King stooped forward just a little, gathering himself and ready as he saw Brodie crouch for a spring. It was just then that both remembered old Honeycutt. For the old man, tottering in the opening of the rear door, was muttering in a wicked sort of glee:
"Up with them hands of your'n, Swen Brodie. High up an' right quick, or
I'll blow your ugly head off'n your shoulders!"
In his trembling hands was a double-barrelled shotgun, sawed off and doubtless loaded to the muzzle with buckshot. Though the thing wavered considerably, its end was not six feet from Brodie's head, and both hammers were back, while the ancient nervous fingers were playing as with palsy about the triggers.
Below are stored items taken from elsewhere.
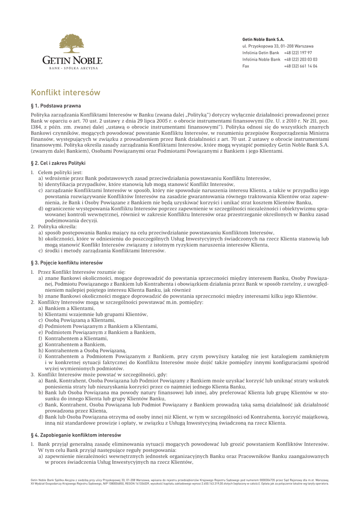 Getin Noble Bank S.A. ul. Przyokopowa 33, 01-208 Warszawa Infolinia Getin Bank +48 (22) 197 97 Infolinia Noble Bank +48 (22) 203 03 03 Fax +48 (32) 661 14 04 Konflikt interesów § 1. Podstawa prawna Polityka zarządzania Konfliktami Interesów w Banku (zwana dalej „Polityką”) dotyczy wyłącznie działalności prowadzonej przez Bank w oparciu o art. 70 ust. 2 ustawy z dnia 29 lipca 2005 r. o obrocie instrumentami finansowymi (Dz. U. z 2010 r. Nr 211, poz. 1384, z późn. zm. zwanej dalej „ustawą o obrocie instrumentami finansowymi”). Polityka odnosi się do wszystkich znanych Bankowi czynników, mogących powodować powstanie Konfliktu Interesów, w rozumieniu przepisów Rozporządzenia Ministra Finansów, występujących w związku z prowadzeniem przez Bank działalności z art. 70 ust. 2 ustawy o obrocie instrumentami finansowymi. Polityka określa zasady zarządzania Konfliktami Interesów, które mogą wystąpić pomiędzy Getin Noble Bank S.A. (zwanym dalej Bankiem), Osobami Powiązanymi oraz Podmiotami Powiązanymi z Bankiem i jego Klientami. § 2. Cel i zakres Polityki 1. Celem polityki jest: a) wdrożenie przez Bank podstawowych zasad przeciwdziałania powstawaniu Konfliktu Interesów, b)identyfikacja przypadków, które stanowią lub mogą stanowić Konflikt Interesów, c) zarządzanie Konfliktami Interesów w sposób, który nie spowoduje naruszenia interesu Klienta, a także w przypadku jego powstania rozwiązywanie Konfliktów Interesów na zasadzie gwarantowania równego traktowania Klientów oraz zapewnienia, że Bank i Osoby Powiązane z Bankiem nie będą uzyskiwać korzyści i unikać strat kosztem Klientów Banku, d)ograniczenie występowania Konfliktu Interesów poprzez zapewnienie w szczególności niezależności i obiektywizmu sprawowanej kontroli wewnętrznej, również w zakresie Konfliktu Interesów oraz przestrzeganie określonych w Banku zasad podejmowania decyzji. 2. Polityka określa: a) sposób postępowania Banku mający na celu przeciwdziałanie powstawaniu Konfliktom Interesów, b)okoliczności, które w odniesieniu do poszczególnych Usług Inwestycyjnych świadczonych na rzecz Klienta stanowią lub mogą stanowić Konflikt Interesów związany z istotnym ryzykiem naruszenia interesów Klienta, c) środki i metody zarządzania Konfliktami Interesów. § 3. Pojęcie konfliktu interesów 1. Przez Konflikt Interesów rozumie się: a) znane Bankowi okoliczności, mogące doprowadzić do powstania sprzeczności między interesem Banku, Osoby Powiązanej, Podmiotu Powiązanego z Bankiem lub Kontrahenta i obowiązkiem działania przez Bank w sposób rzetelny, z uwzględnieniem najlepiej pojętego interesu Klienta Banku, jak również b)znane Bankowi okoliczności mogące doprowadzić do powstania sprzeczności między interesami kilku jego Klientów. 2. Konflikty Interesów mogą w szczególności powstawać m.in. pomiędzy: a) Bankiem a Klientami, b)Klientami wzajemnie lub grupami Klientów, c) Osobą Powiązaną a Klientami, d)Podmiotem Powiązanym z Bankiem a Klientami, e) Podmiotem Powiązanym z Bankiem a Bankiem, f) Kontrahentem a Klientami, g) Kontrahentem a Bankiem, h)Kontrahentem a Osobą Powiązaną, i) Kontrahentem a Podmiotem Powiązanym z Bankiem, przy czym powyższy katalog nie jest katalogiem zamkniętym i w konkretnej sytuacji faktycznej do Konfliktu Interesów może dojść także pomiędzy innymi konfiguracjami spośród wyżej wymienionych podmiotów. 3. Konflikt Interesów może powstać w szczególności, gdy: a) Bank, Kontrahent, Osoba Powiązana lub Podmiot Powiązany z Bankiem może uzyskać korzyść lub uniknąć straty wskutek poniesienia straty lub nieuzyskania korzyści przez co najmniej jednego Klienta Banku, b)Bank lub Osoba Powiązana ma powody natury finansowej lub innej, aby preferować Klienta lub grupę Klientów w stosunku do innego Klienta lub grupy Klientów Banku, c) Bank, Kontrahent, Osoba Powiązana lub Podmiot Powiązany z Bankiem prowadzą taką samą działalność jak działalność prowadzona przez Klienta, d)Bank lub Osoba Powiązana otrzyma od osoby innej niż Klient, w tym w szczególności od Kontrahenta, korzyść majątkową, inną niż standardowe prowizje i opłaty, w związku z Usługą Inwestycyjną świadczoną na rzecz Klienta. § 4. Zapobieganie konfliktom interesów 1. Bank przyjął generalną zasadę eliminowania sytuacji mogących powodować lub grozić powstaniem Konfliktów Interesów. W tym celu Bank przyjął następujące reguły postępowania: a) zapewnienie niezależności wewnętrznych jednostek organizacyjnych Banku oraz Pracowników Banku zaangażowanych w proces świadczenia Usług Inwestycyjnych na rzecz Klientów, Getin Noble Bank Spółka Akcyjna z siedzibą przy ulicy Przyokopowej 33, 01-208 Warszawa, wpisana do rejestru przedsiębiorców Krajowego Rejestru Sądowego pod numerem 0000304735 przez Sąd Rejonowy dla m.st. Warszawy, XII Wydział Gospodarczy Krajowego Rejestru Sądowego, NIP 1080004850, REGON 141334039, wysokość kapitału zakładowego wynosi 2.650.143.319,00 złotych (wpłacony w całości). Opłata jak za połączenie lokalne wg taryfy operatora. Getin Noble Bank S.A. ul. Przyokopowa 33, 01-208 Warszawa Infolinia Getin Bank +48 (22) 197 97 Infolinia Noble Bank +48 (22) 203 03 03 Fax +48 (32) 661 14 04 b)ograniczenie dostępu do informacji o charakterze niepublicznym dla Osób Powiązanych; w szczególności tyczy się to informacji dotyczących Klientów, ich strategii działania oraz transakcjach, c) zabezpieczenie przez Bank przekazywania informacji wewnętrznych, poprzez odpowiednie bariery informacyjne zarówno w postaci rozwiązań systemowych, proceduralnych jak i organizacyjno-technicznych, d)zapobieganie sytuacjom, które mogłyby prowadzić do powstania Konfliktu Interesów poprzez wykonywanie przez te same Osoby Powiązane czynności związanych z Usługami Inwestycyjnymi oraz równoczesne dokonywanie przez nie innych czynności sprzecznych z intere
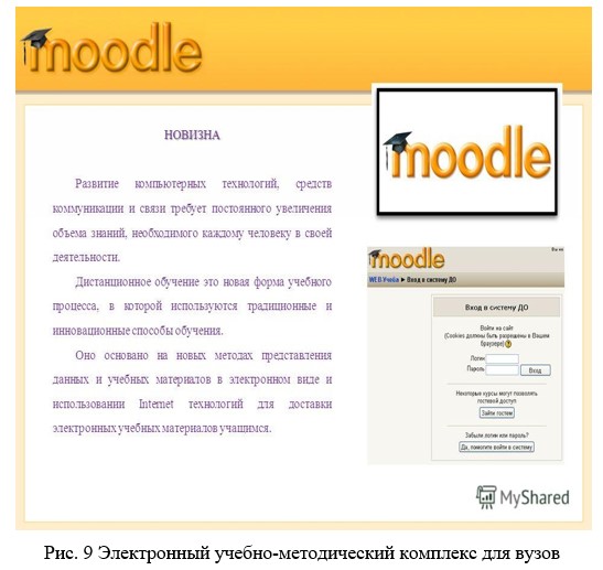 9) Электронный учебно-методический комплекс – это индивидуализированная совокупность электронных материалов, полностью обеспечивающая учебную деятельность. В таком комплексе обучение производится полностью автономно без помощи преподавателя. Сам комплекс подстраивается под темп и вид подачи материала и предоставляет возможность учащемуся осваивать учебную дисциплину максимально индивидуализировано. Подобного рода комплексы активно используются учебными заведениями различного уровня образования (Рис. 9).
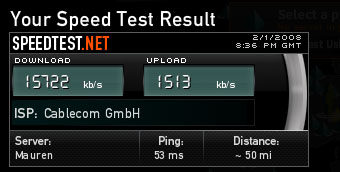 Diese Erhöhung hat Cablecom am 06. Dezember 2007 in einer Medienmitteilung angekündigt. Statt im März wurde die Geschwindigkeit wohl bereits jetzt – also einen Monat früher – erhöht.
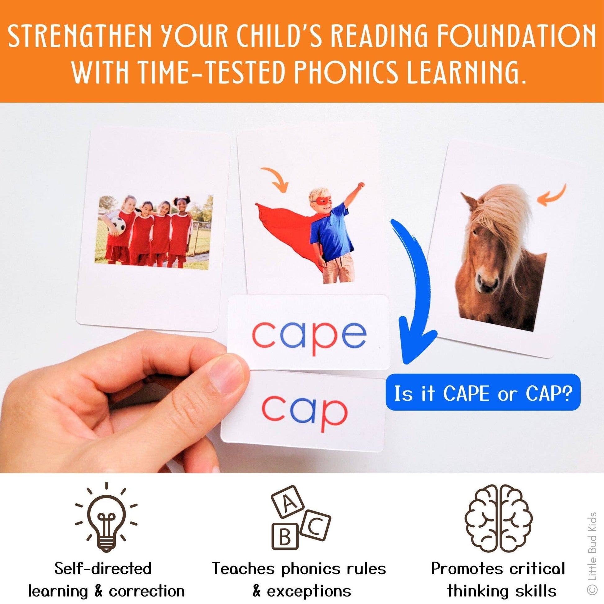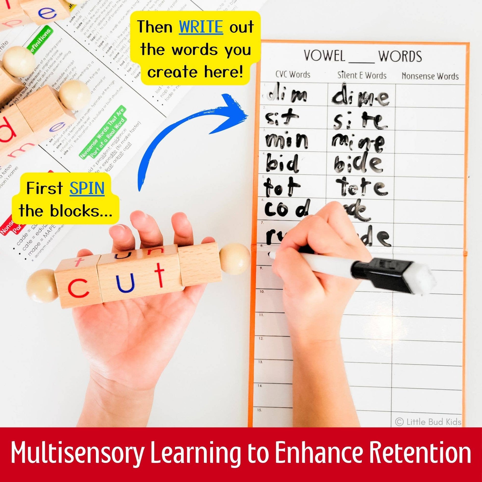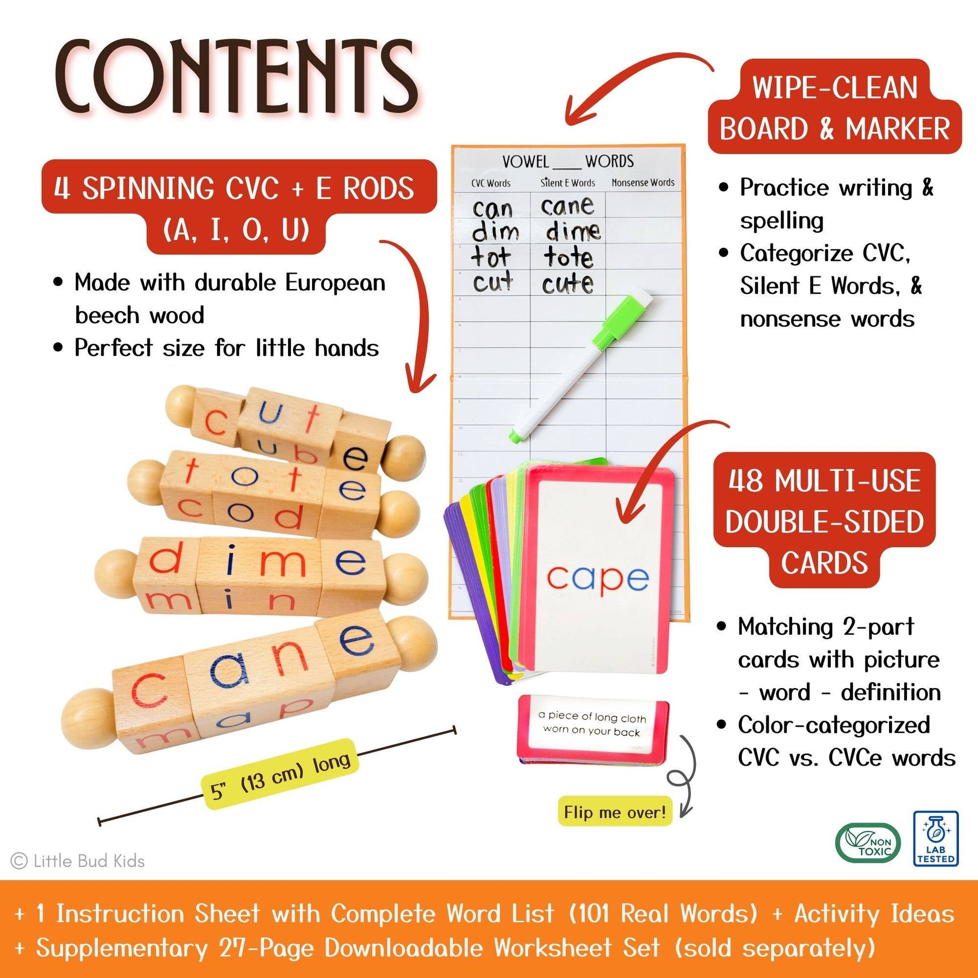 This is a perfect companion to our foundational reading phonics set, the Spin-and-Read Blocks.** Transform "C-A-P" into "C-A-P-E" and learn the magical steps how this is done with a magical letter, the silent E!
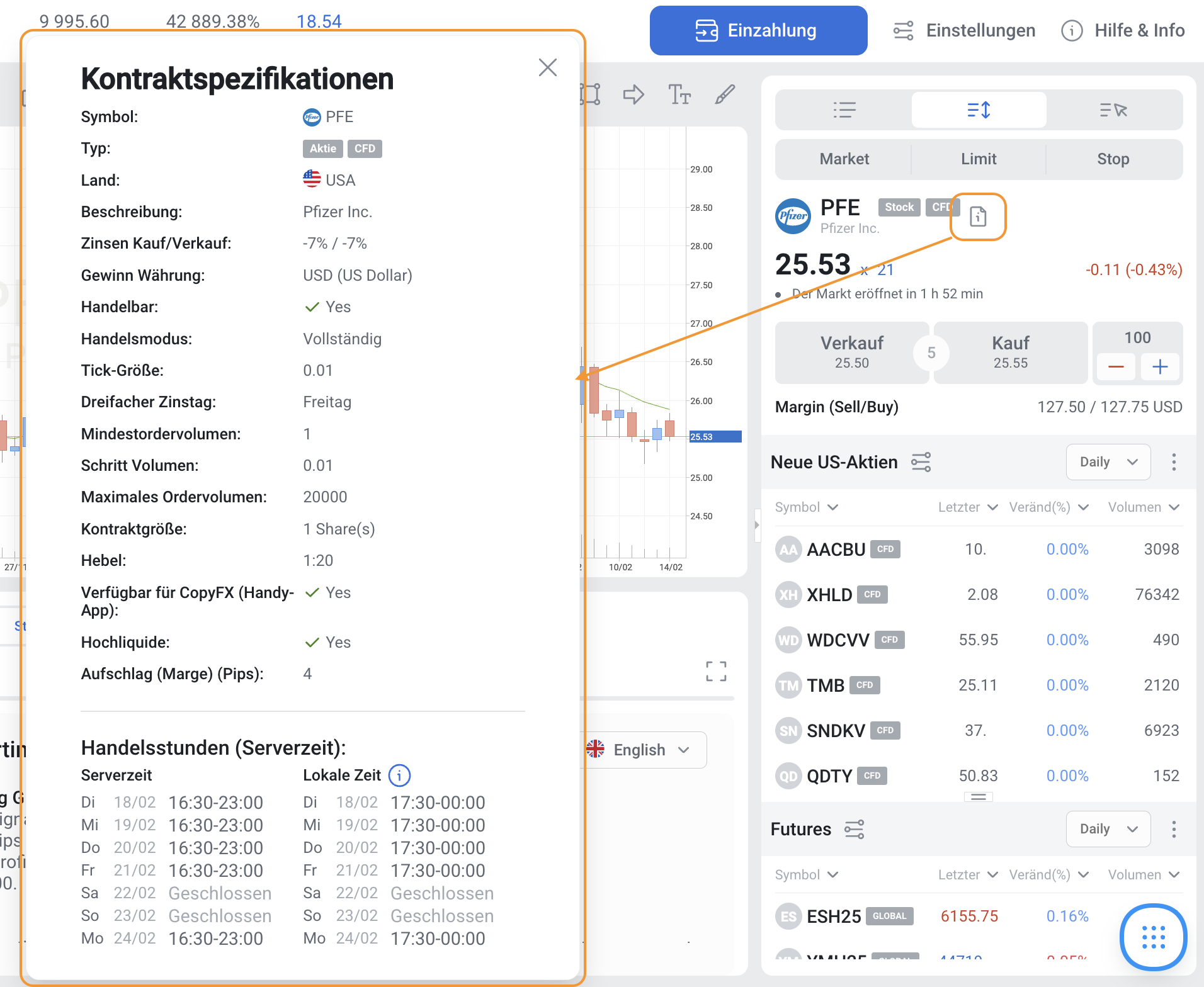 Als Handelszeiten werden die Zeiten bezeichnet, zu denen ein Finanzmarkt oder eine Börse für den Kauf und Verkauf von Finanzinstrumenten geöffnet ist. Alle Orders werden nur während der Handelszeiten des Instruments (Serverzeit) ausgeführt. Verwaltung von Orders nach und vor Handelssitzungen: Platzieren und ändern Sie Ihre Orders (Take Profit, Stop Loss, Limit und Stop), auch wenn der Markt geschlossen ist. Sie werden nach Beginn der Handelssitzung ausgeführt.
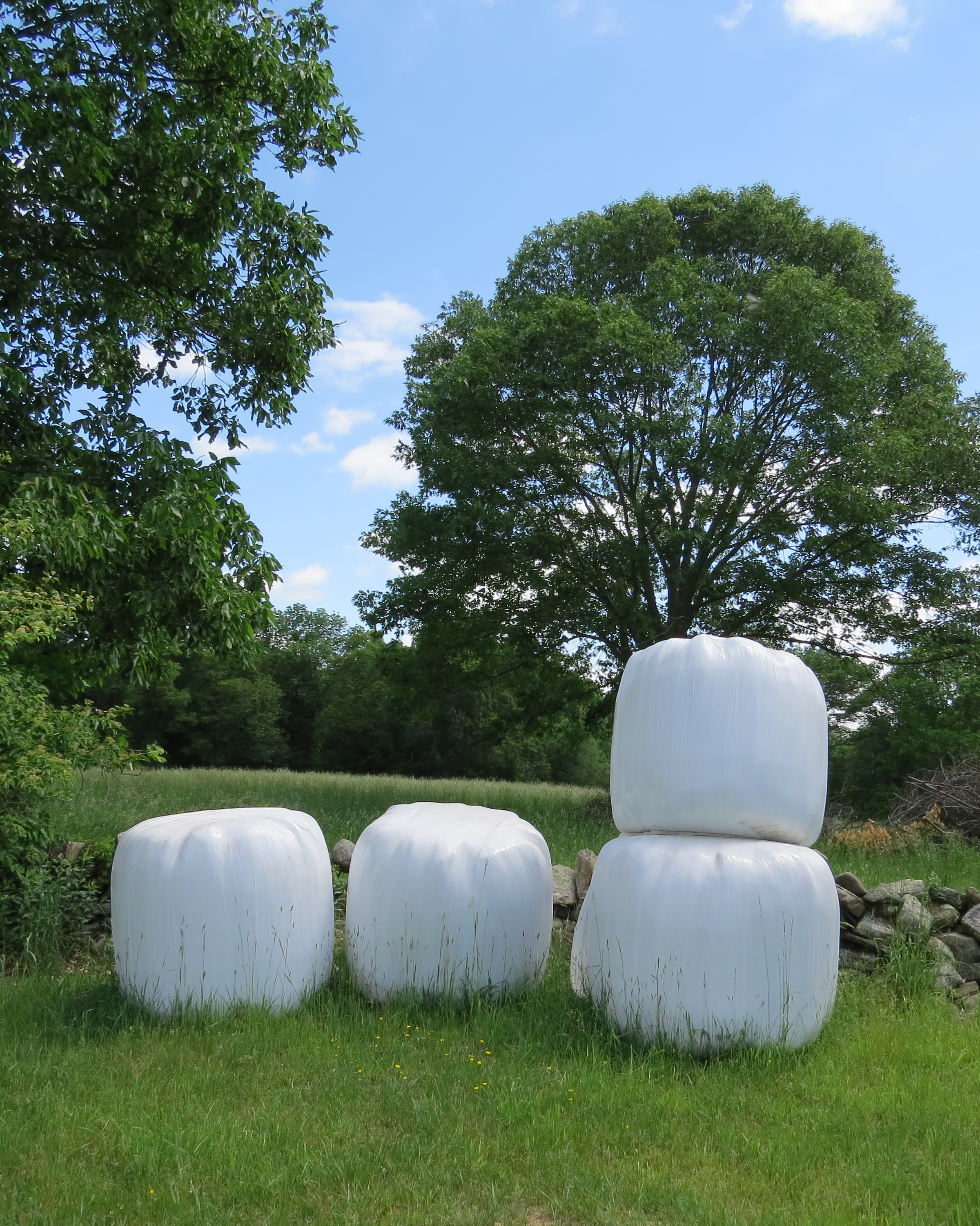 Yesterday, I decided to check out one of my favorite spots to take photos of rolled hay packed in white plastic. A quick 6 minute drive from my home @ 44 Chaplin Street brought me to the Atwood Farm located @ 624 Wormwood Hill Road. This 19th century home is now the headquarters for Joshua Trust – Conservation and Historic Trust, Inc. It will also be open for CT Open House Day 2015 and will have a few of my quilts on display.
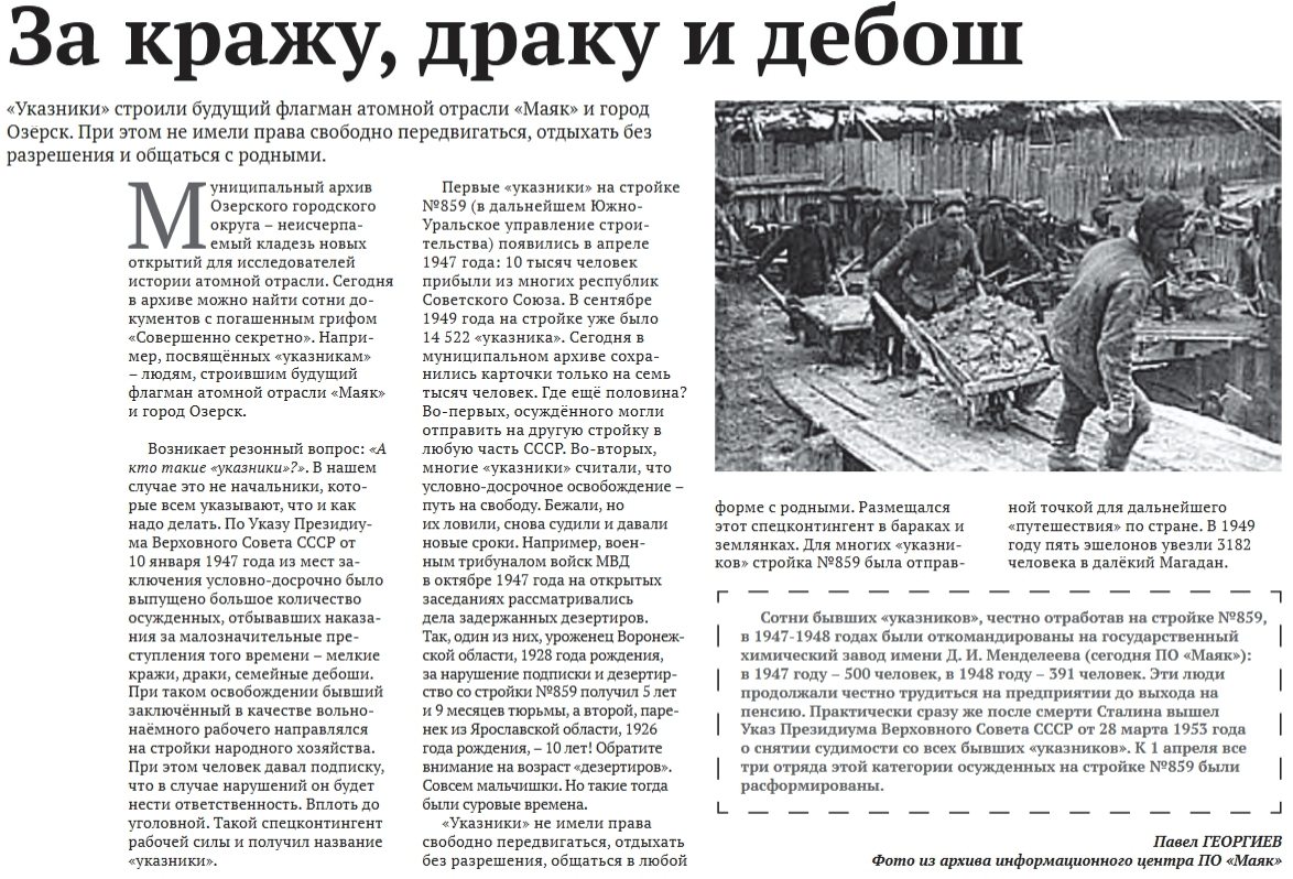 Заметка П.Георгиева в заводской многотиражке "Вестник Маяка" от 04.02.26 частично отвечает на этот вопрос. В строительстве принимали участие так называемые "указники". Это не трудармия, не стройбат.
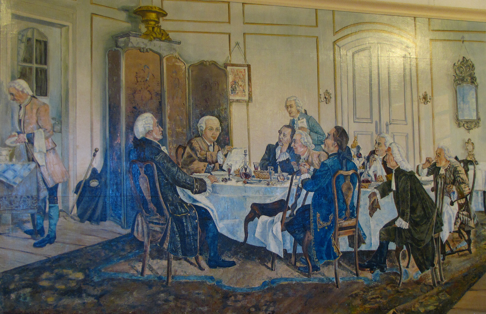 Прекопута Шефнера, а поред Хипела је још један Кантов ученик – бискуп протестантске цркве Лудвиг Ернест Боровски, аутор једне од Кантових биографија. На супротном крају стола од Канта седи његов колега са универзитета, хемичар Карл Готфрид Хаген. Он је био један од сталних Кантових гостију и разговори са њим за Канта су представљали велико задовољство. Хаген је поседовао велико знање из природних наука, нарочито хемије и биологије које су биле предмет Кантовог интересовања.

King expected the discharge each second.
Brodie whirled and drew back, his face turning grey.
"Put it down, you old fool; put it down!" he cried raspingly. "I'll go."
The old man cackled in his delight.
"I'll put nothin' down," he announced triumphantly. "You set down that box."
Hastily Brodie put it on the table. He drew further away, backing toward the front door.
"Git!" cried old Honeycutt.
They could hear the air rushing back into Brodie's lungs as he came to the door and his fear left him.
"I'll be back, Honeycutt, don't you fear," he growled savagely. "As for you, King, you and me ain't done. I'll get you where there's no old fool to butt in, and I'll break every bone in your body."
"I'll be ready, Brodie," said King. He watched the great hulking figure as it went out; two hundred and fifty pounds of brawn there, every ounce of it packed with power and the cunning of brutish battle. If he ever fought Swen Brodie, just man to man, with only the weapons nature gave them, what would the end be?
But Brodie was gone, his shadow withdrawn from the doorstep, and he had his business with Honeycutt. He left the door wide open so that no one might come suddenly upon them and turned to the old man.
"Put your gun down, Honeycutt," he said quietly. "I want to talk with you."
"I got the big stiff on the run!" mumbled the old man. "He cain't come an' bulldoze me. Not me, he cain't. No, nor if Swen Brodie cain't git the best of me, no other man can," he added meaningly, glaring at King.
"There's that box on the table," said King. "Maybe you'll want to put it away before he makes you another visit."
Honeycutt hastily set his gun down, leaning it against the wall with both hammers still back, and shambled to the table. He caught the box up and hugged it to his thin old breast, breathing hard.
"If there's money in it——" said King, knowing well that the old miser had money secreted somewhere.
"Who said there was money? Who said so?"
He went to his tumbled bunk in a corner, sat down on it, thrusting the box out of sight under the untidy heap of dirty bedding.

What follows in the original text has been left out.